Mayor John DeStefano Jr. kicked off the tax season yesterday by announcing his support for the establishment of a state-wide Earned Income Tax Credit at an event marking the beginning of the 2006 Volunteer Income Tax Assistance program.
DeStefano called upon the state legislature to create an EITC for Connecticut, currently the only New England state without a state-level program. For nearly a decade, advocacy groups have supported the program, which provides a tax break for low-wage workers, but its prospects for success in Hartford have been dim. But yesterday, DeStefano and Senate Majority Leader Martin Looney, a Democrat from New Haven, expressed optimism that state leadership had increased its support for the program, encouraged in part by a recently announced budget surplus.
“Everyone should have to work, but work should pay,” DeStefano said. “We need to keep that bargain … That’s what the EITC is about.”
DeStefano said the city will lobby in Hartford for the establishment of a state-level EITC. In addition to the federal-level EITC, state-level EITCs exist in 18 other states in the country.
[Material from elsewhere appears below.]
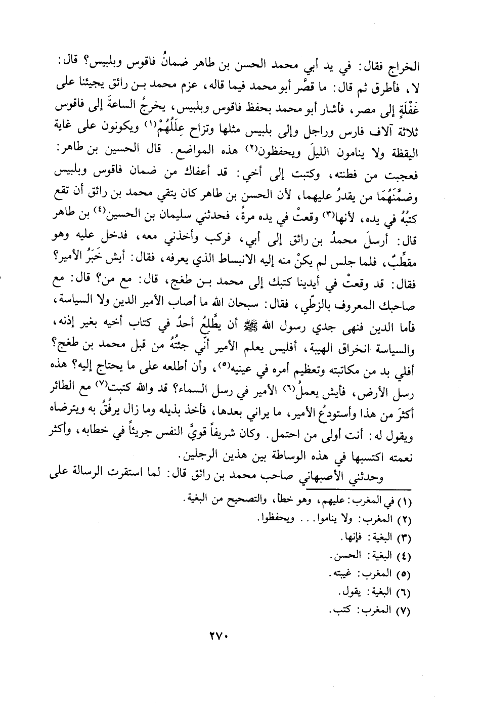 الخراج فقال: في يد أبي محمد الحسن بن طاهر ضمان فاقوس وبلبيس؟ قال: لا، فأطرق ثم قال: ما قصر أبو محمد فيما قاله، عزم محمد بن رائق يجيئنا على غفلة إلى مصر، فأشار أبو محمد بحفظ فاقوس وبلبيس، يخرج الساعة إلى فاقوس ثلاثة آلاف فارس وراجل وإلى بلبيس مثلها وتزاح عللهم (1) ويكونون على غاية اليقظة ولا ينامون الليل ويحفظون (2) هذه المواضع. قال الحسين بن طاهر: فعجبت من فطنته، وكتبت إلى أخي: قد أعفاك من ضمان فاقوس وبلبيس وضمنهما من يقدر عليهما، لأن الحسن بن طاهر كان يتقي محمد بن رائق أن تقع كتبه في يده، لأنها (3) وقعت في يده مرة، فحدثني سليمان بن الحسين (4) بن طاهر قال: أرسل محمد بن رائق إلى أبي، فركب وأخذني معه، فدخل عليه وهو مقطب، فلما جلس لم يكن منه إليه الانبساط الذي يعرفه، فقال: أيش خبر الأمير؟ فقال: قد وقعت في أيدينا كتبك إلى محمد بن طغج، قال: مع من؟ قال: مع صاحبك المعروف بالزطي، فقال: سبحان الله ما أصاب الأمير الدين ولا السياسة، فأما الدين فنهى جدي رسول الله صلى الله عليه وسلم أن يطلع أحد في كتاب أخيه بغير إذنه، والسياسة انخراق الهيبة، أفليس يعلم الأمير أني جئته من قبل محمد بن طغج؟ أفلي بد من مكاتبته وتعظيم أمره في عينيه (5) ، وأن أطلعه على ما يحتاج إليه؟ هذه رسل الأرض، فأيش يعمل (6) الأمير في رسل السماء؟ قد والله كتبت (7) مع الطائر أكثر من هذا وأستودع الأمير، ما يراني بعدها، فأخذ بذيله وما زال يرفق به ويترضاه ويقول له: أنت أولى من احتمل. وكان شريفاً قوي النفس جريئاً في خطابه، وأكثر نعمته اكتسبها في هذه الوساطة بين هذين الرجلين.

The Yale College Democrats and the Yale student group Project Opportunity are also lobbying heavily for a state-wide EITC, Dan Weeks ’06 of Project Opportunity said. Weeks said a group of Yale students will meet on Friday with Philip Dukes, a policy advisor to Gov. M. Jodi Rell.
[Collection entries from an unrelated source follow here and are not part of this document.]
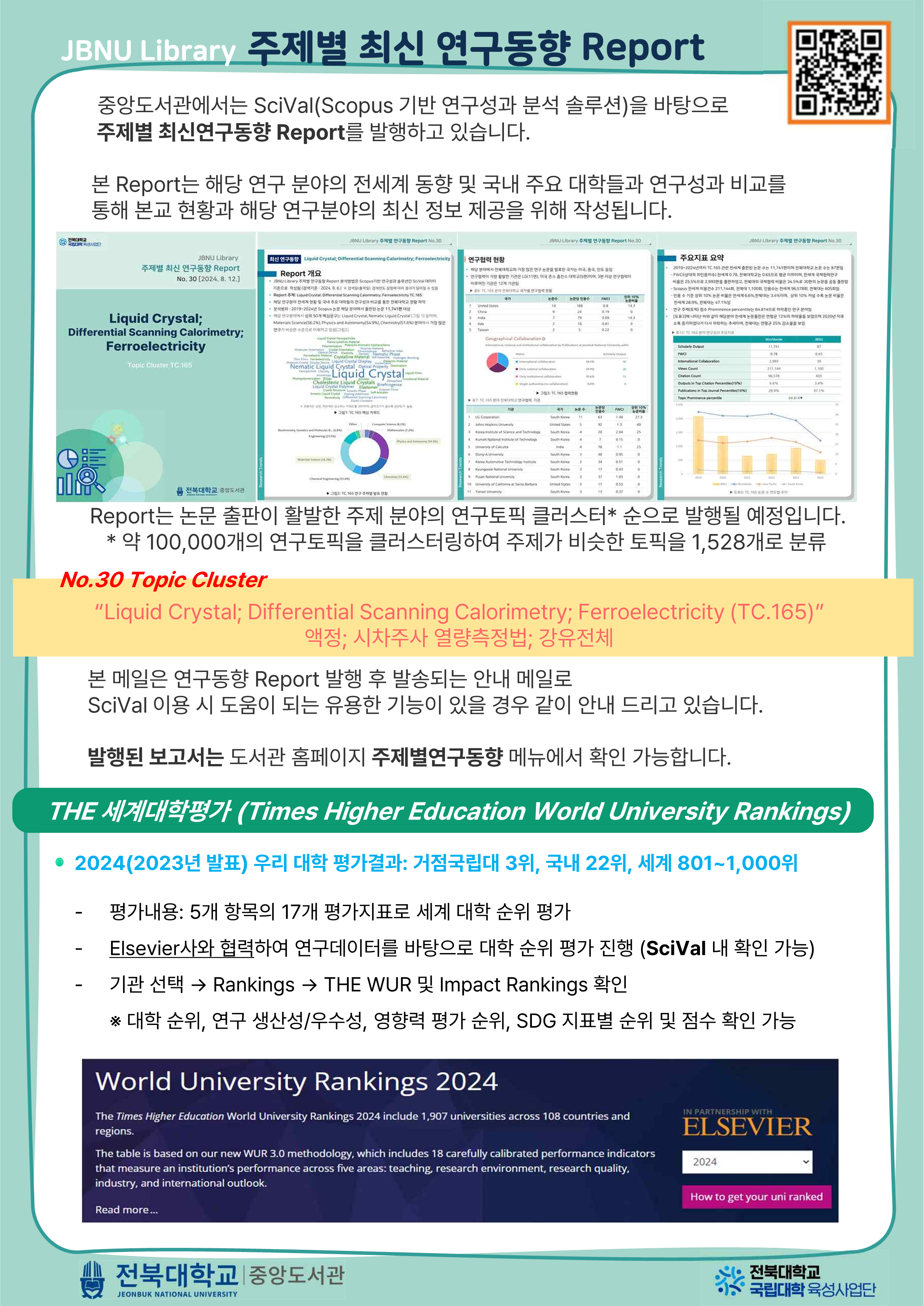 SciVal 이용문의: 중앙도서관 학술연구지원팀 063) 270-4407 / 교육 4408
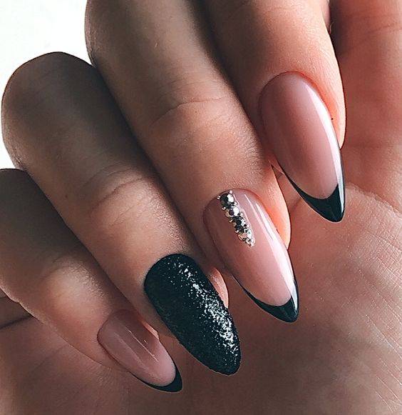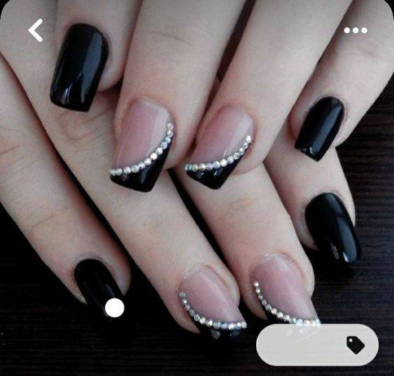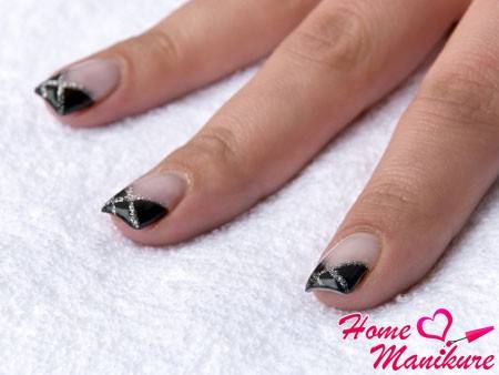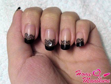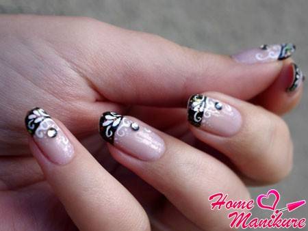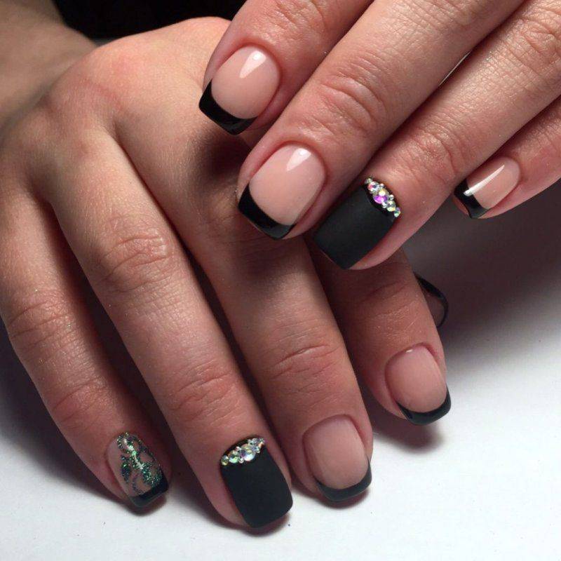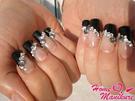 Чёрный френч со стразами призван завершить шикарный образ. Дизайн будет удачным, если не переборщить с камнями. Здесь особенно важна мера. Для такого дизайна берут исключительно качественный материал, поскольку чёрный цвет способен обнажить любой изъян.
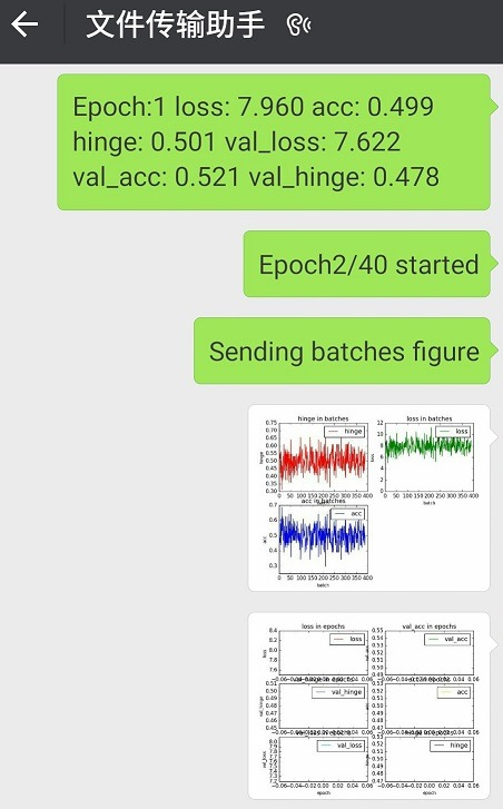 - 实时监控:在每个epoch结束后,自动发送本epoch训练信息以及两张分别代表所有batch和epoch信息的图表至文件传输助手。<img src="https://pic2.zhimg.com/v2-831242df7b0e827349b989f3544ec741_b.jpg" data-rawwidth="452" data-rawheight="727" class="origin_image zh-lightbox-thumb" width="452" data-original="https://pic2.zhimg.com/v2-831242df7b0e827349b989f3544ec741_r.jpg">
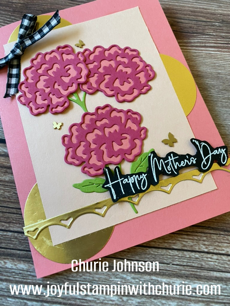 Mother’s Day is just around the corner. How exciting! I created this pretty Mother’s Day card using the Marigold Moments Bundle which is on the retiring list… it is available to order until the end of April while supplies last. The card base is 4.25″ x 5.5″. I used the 1.75″ circle to punch out three circles out of the gold cardstock for the background to give it some pizazz. I also used the Marigold Moments dies to create the gold border. The petal pink layer is 3.25″ x 4.5″. I used the Marigold Moments dies to create the beautiful flowers. I just love the Melon Mambo layered on top of the Flirty Flamingo to create the flower with the Granny Apple Green stem with leaves. Next, I embossed the sentiment on the black cardstock using the white embossing powder and heat tool. The sentiment was a little larger than I desired for this card so I fussy cut the white embossed sentiment out which made it smaller for the look I was wanting to achieve.
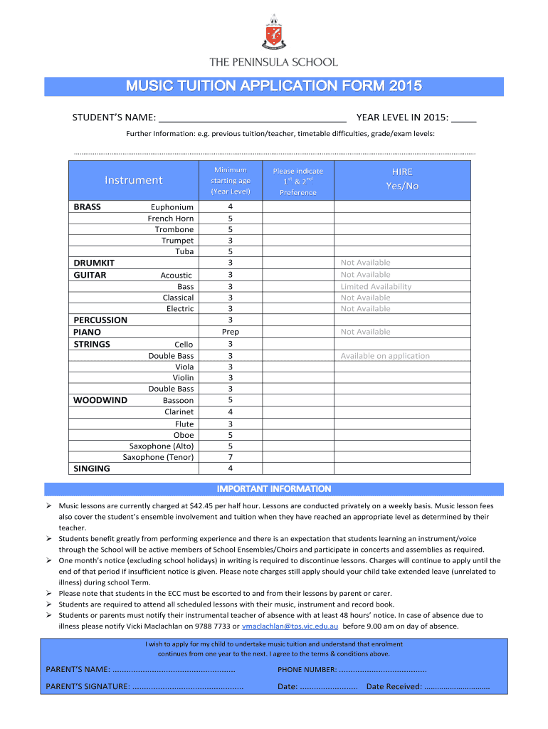 STUDENTS NAME: YEAR LEVEL IN 2015: Further Information: e.g. previous tuition/teacher, timetable difficulties, grade/exam levels: ........................................................................................................................................................................................................................
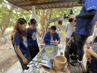 灼熱のタイに行ったのは4月26日~5月6日。学生はタイ北部で講義を受け、その後3日間を工房で過ごします。そして、帰国してからも2週間に1回は各チームでリモートミーティングを行い、デザイン制作と商品制作を行っています。6月8・9日に中間発表があり、8月18日の最終発表に向けて全チームがブラッシュアップ中です!
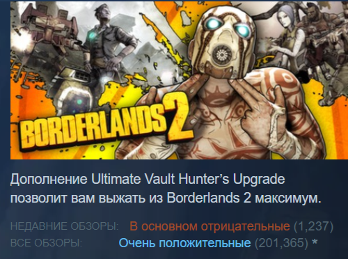 Геймеры начали атаковать игры Borderlands в Steam и оставляют негативные обзоры — поводом послужило видео блогера Hellfire. Он затронул тему изменения пользовательского соглашения, например в плане вопросов безопасности пользовательских данных. Ему кажется, что за ними «шпионят», запрашивая излишние персональные данные (на самом деле собирают вполне «стандартные данные», просто пользователи не всегда внимательно изучают соглашение).

Looney said the idea of an EITC has significant support in the Senate Democratic Caucus, particularly because it is designed to assist primarily working people. Other states have passed EITC legislation with bipartisan support, including Massachusetts and New Jersey, both of which instituted the measure under Republican governors, Looney said. He said the EITC is particularly effective for economic development because most of the money given to families is spent in local communities.
“It is a stimulus to the economy because these people are on such a thin margin, they aren’t squirreling it away,” he said.
But Looney said the legislature is looking at a number of other ways to help foster job creation in Connecticut and is considering ways to alleviate the burden of property taxes for industry, which, he said, are a strong disincentive to new development and innovation.
According to the Mayor’s Office, nearly 12,000 New Haven residents, or 25 percent of those who filed taxes, qualified to receive the federal-level EITC in 2003, bringing more than $20 million into the city. Looney said he and his allies in the state legislature are hoping to set the state EITC at 20 percent. The mayor’s office has calculated that, set at 20 percent of the federal EITC, the state program would bring an additional $4 million into the city, mayoral spokesman Derek Slap said.
Michael Montano ’03, economic development programs coordinator for the New Haven advocacy group Junta for Progressive Action, said the VITA program, which provides free tax preparation for low-income individuals, is instrumental in helping eligible families claim their federal EITC money. Last year, the program assisted 600 people and helped them claim an average refund of $1,700.
“Obviously, no tax credit is going to be as effective as having a good job and health care in improving quality of life, but this tax program does help let people retain their hard earned money,” he said.
The VITA program expanded this year, and now offers tax preparation at six sites, up from two last year. The sites include the New Haven Free Public Library and the new Yale-Dixwell Community Center.